# Goodyear Red Clay Tires



## saladshooter (Apr 5, 2017)

Howdy,

Anybody know of the best color match to prewar Goodyear Red Clay tires? Need a rider set.




 

Thanks
Chad


----------



## keith kodish (Apr 5, 2017)

Coker made repop b.f. goodrich silvertowns,10 years ago,or so,look identical,tiny bit narrower,but roll wonderful,too. 

Sent from my SM-J700P using Tapatalk


----------



## redline1968 (Apr 5, 2017)

Not sure Coker makes them anymore.


----------



## kreika (Apr 5, 2017)

http://thecabe.com/forum/threads/red-26-x-2-125-tires.105183/


http://thecabe.com/forum/threads/bf-goodrich-red-26-x-2-125-tires.105182/


----------



## saladshooter (Apr 5, 2017)

Thanks Chris!


----------



## bairdco (Apr 5, 2017)

I got some of the Coker re-pops, barely used, and they were very hard, dried out and wore out quick. The seller claimed he got them that way from Coker.

Anyone else have that experience?


----------



## 2jakes (Apr 5, 2017)

bairdco said:


> I got some of the Coker re-pops, barely used, and they were very hard, dried out and wore out quick. The seller claimed he got them that way from Coker.
> 
> Anyone else have that experience?




Yes.
 I bought a pair several years ago.
Only one dried out quickly. The other one
is in good condition.
Both were kept in the same location and
conditions.
Not sure why only one went bad.


----------



## saladshooter (Apr 5, 2017)

Well the preferred choice was the Coker repops. But I think you guys have talked me out of them with the dried out experiences.

Thanks for the heads up
Chad


----------



## 2jakes (Apr 5, 2017)

saladshooter said:


> Well the preferred choice was the Coker repops. But I think you guys have talked me out of them with the dried out experiences.
> 
> Thanks for the heads up
> Chad




I have Coker tires on my 1946 truck and
also on my '63 beetle.
It's been years with no problem.
Could have been a bad  batch on that
red tire.
Who knows!


----------



## kreika (Apr 5, 2017)

These are probably 15+ years old and have very fine cracks and don't have many miles on them. Poor rubber mix maybe?


----------



## keith kodish (Apr 5, 2017)

Ive had a,set on my late 40 b107 Autocycle for 15 years,no problem. I heartily recommend them wirh no hesitation.

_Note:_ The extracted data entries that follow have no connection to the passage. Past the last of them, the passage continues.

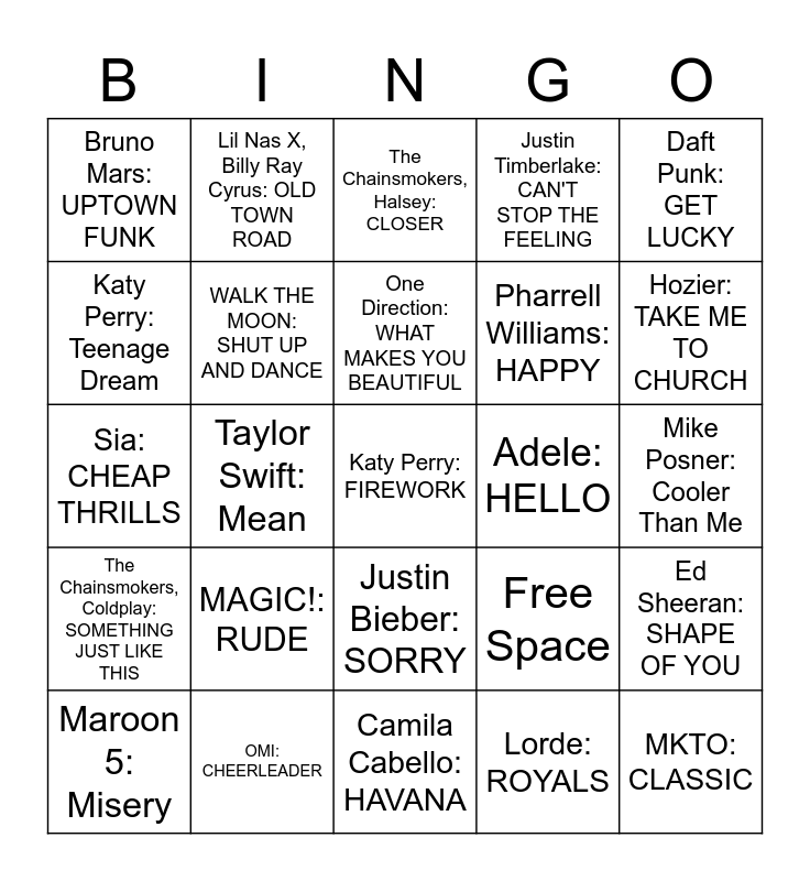 This bingo card has 25 words: MAGIC!: RUDE, Camila Cabello: HAVANA, One Direction: WHAT MAKES YOU BEAUTIFUL, Maroon 5: Misery, Daft Punk: GET LUCKY, Bruno Mars: UPTOWN FUNK, Katy Perry: Teenage Dream, Lil Nas X, Billy Ray Cyrus: OLD TOWN ROAD, Adele: HELLO, Justin Bieber: SORRY, Pharrell Williams: HAPPY, Sia: CHEAP THRILLS, Free Space, Ed Sheeran: SHAPE OF YOU, WALK THE MOON: SHUT UP AND DANCE, MKTO: CLASSIC, Mike Posner: Cooler Than Me, The Chainsmokers, Halsey: CLOSER, Hozier: TAKE ME TO CHURCH, Taylor Swift: Mean, Katy Perry: FIREWORK, OMI: CHEERLEADER, The Chainsmokers, Coldplay: SOMETHING JUST LIKE THIS, Justin Timberlake: CAN'T STOP THE FEELING and Lorde: ROYALS.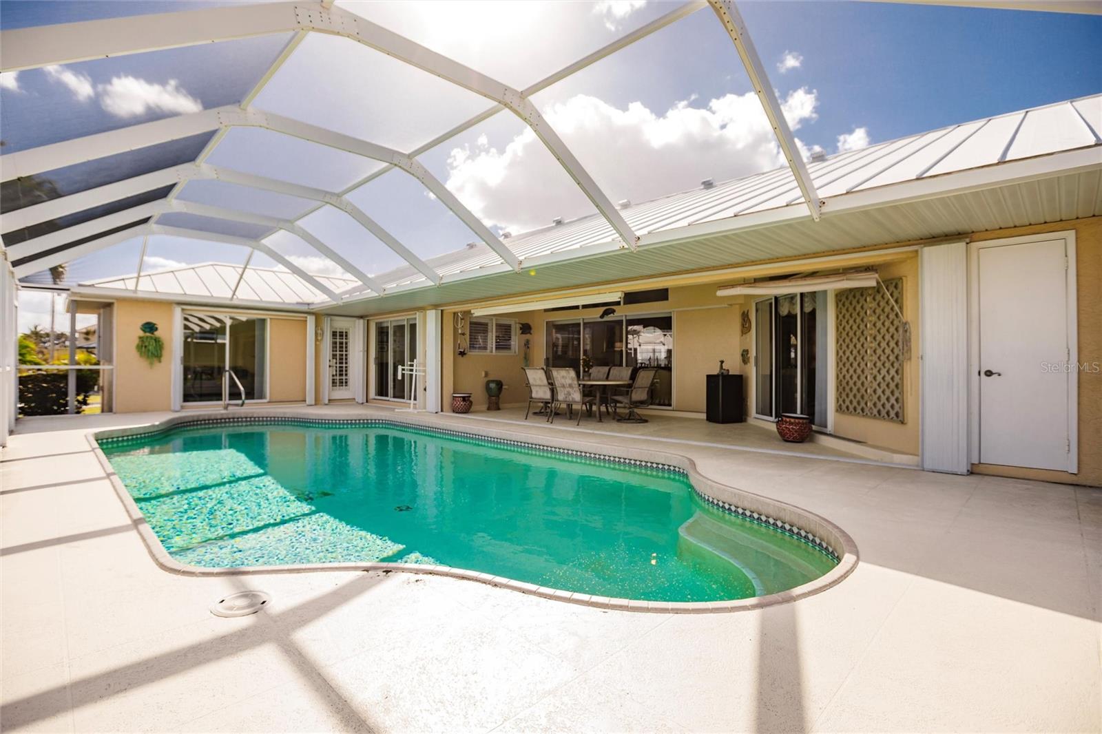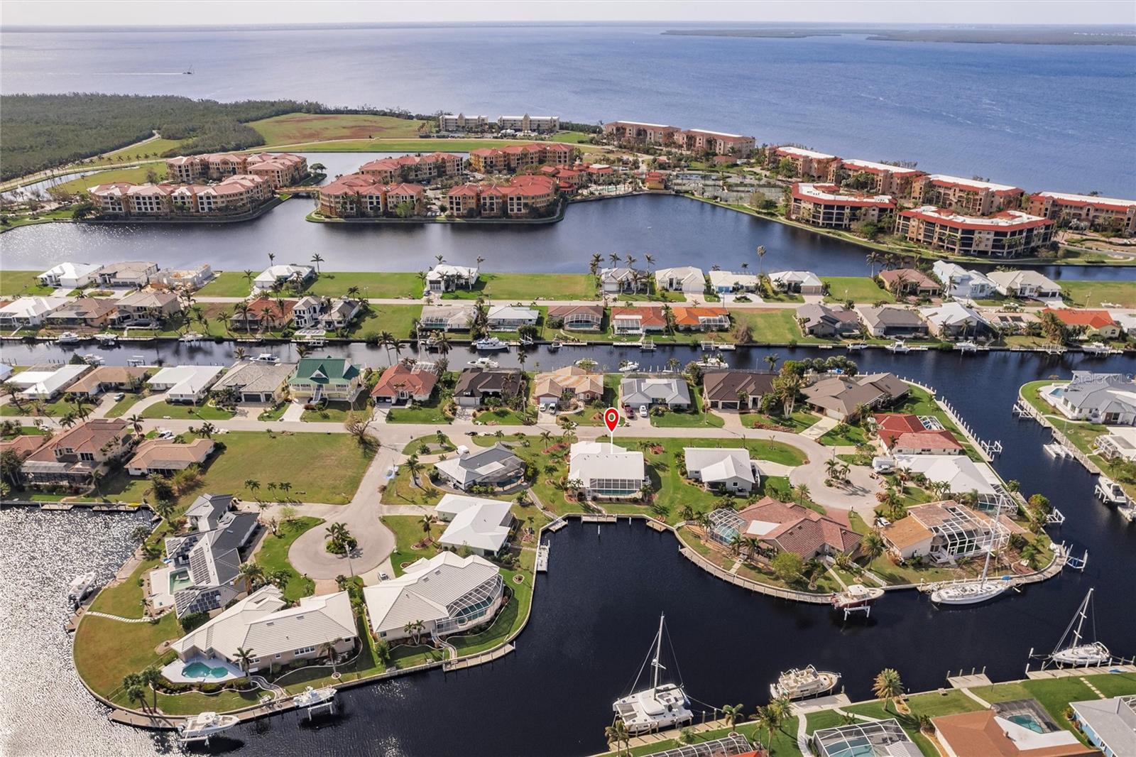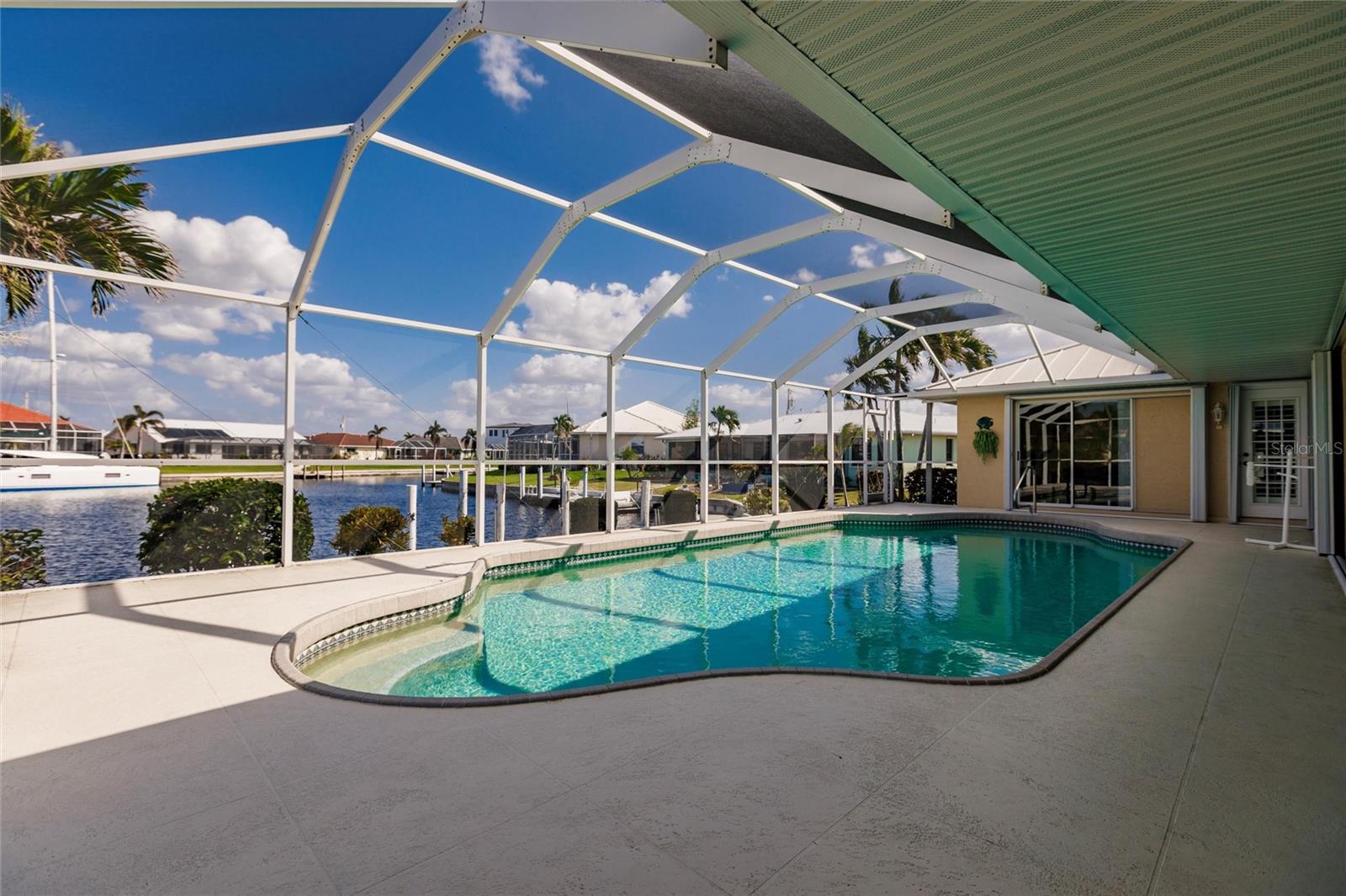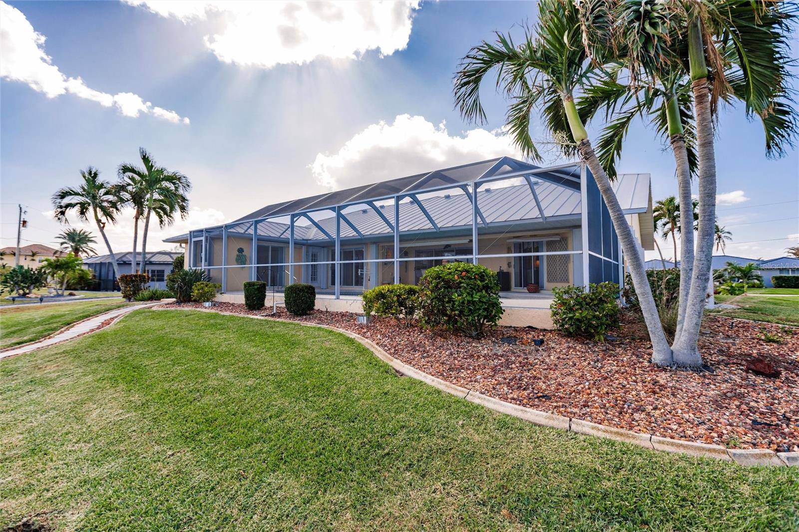 Welcome to your dream waterfront retreat in Punta Gorda Isles! Nestled on a quiet cu-de-sac near the end of the isles, this meticulously maintained sailboat-access home truly checks every box. Situated on an oversized lot along the King Fisher Lagoon, this property boasts DIRECT DEEP-WATER ACCESS with NO BRIDGES to Charlotte Harbor and beyond. Sail away in minutes and enjoy the best of Southwest Florida boating. This beautiful three bedroom, two bathroom residence features a desirable split floor plan, soaring cathedral ceilings, and over 2000 square feet of open concept living space. Large sliders and windows flood the home with natural light and frame stunning views of the wide canal. The updated interior requires no work, just bring your boat and bathing suit. Enjoy total peace of mind with a brand new air conditioning system and feel secure with uninterrupted power as the home features a whole house generator. The concrete sea wall, maintained by the city of Punta Gorda, adds additional value and stability. Outdoor living is just as impressive; a private heated pool area, lush tropical landscaping, and a thoughtful setback from the road provide a true sense of privacy. The only thing better than a waterfront lot in Punta Gorda is a large waterfront lot in Punta Gorda. The home is thoughtfully placed in the lot to maximize privacy and gorgeous sunrises that greet each new day. Additional highlights include ample storage throughout, spacious walk in closets, a quiet established neighborhood, no hurricane damage from any recent storms, and full hurricane house protection provided by accordion shutters. Only a short drive to the historic downtown Punta Gorda featuring shops, restaurants, a weekly Farmers Market and Flea Market at the History Park as well as the Harbor Walk and Pickleplex. Also a short drive to a dog park (Hounds on Henry), The Military Museum, Fisherman's Village, The Sunseeker Resort, and The Punta Gorda Airport offering flights throughout the country via Allegiant Air. Whether you are an avid sailor, a seasonal resident, or looking for your forever home, this property offers a perfect blend of luxury, location and lifestyle. Don't miss your chance to own this slice of coastal paradise.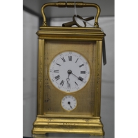 A brass carriage clock.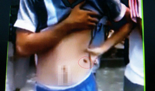 Vết đạn cao su trên mạng sườn anh Nghĩa. (Ảnh cắt từ clip/báo Người lao động). |

Sent from my SM-J700P using Tapatalk


----------



## rusty.kirkpatrick (Apr 5, 2017)

This is that set.





kreika said:


> http://thecabe.com/forum/threads/bf-goodrich-red-26-x-2-125-tires.105182/


----------



## 2jakes (Apr 5, 2017)

kreika said:


> Poor rubber mix maybe?




Looks like it.
Both were bought at the same time. The rubber started to fall off on the bottom tire.



Grand Tycoon is 25+ years and is in better condition.




This tire was only good for 100 years. 






Although the hub is in excellent condition!


----------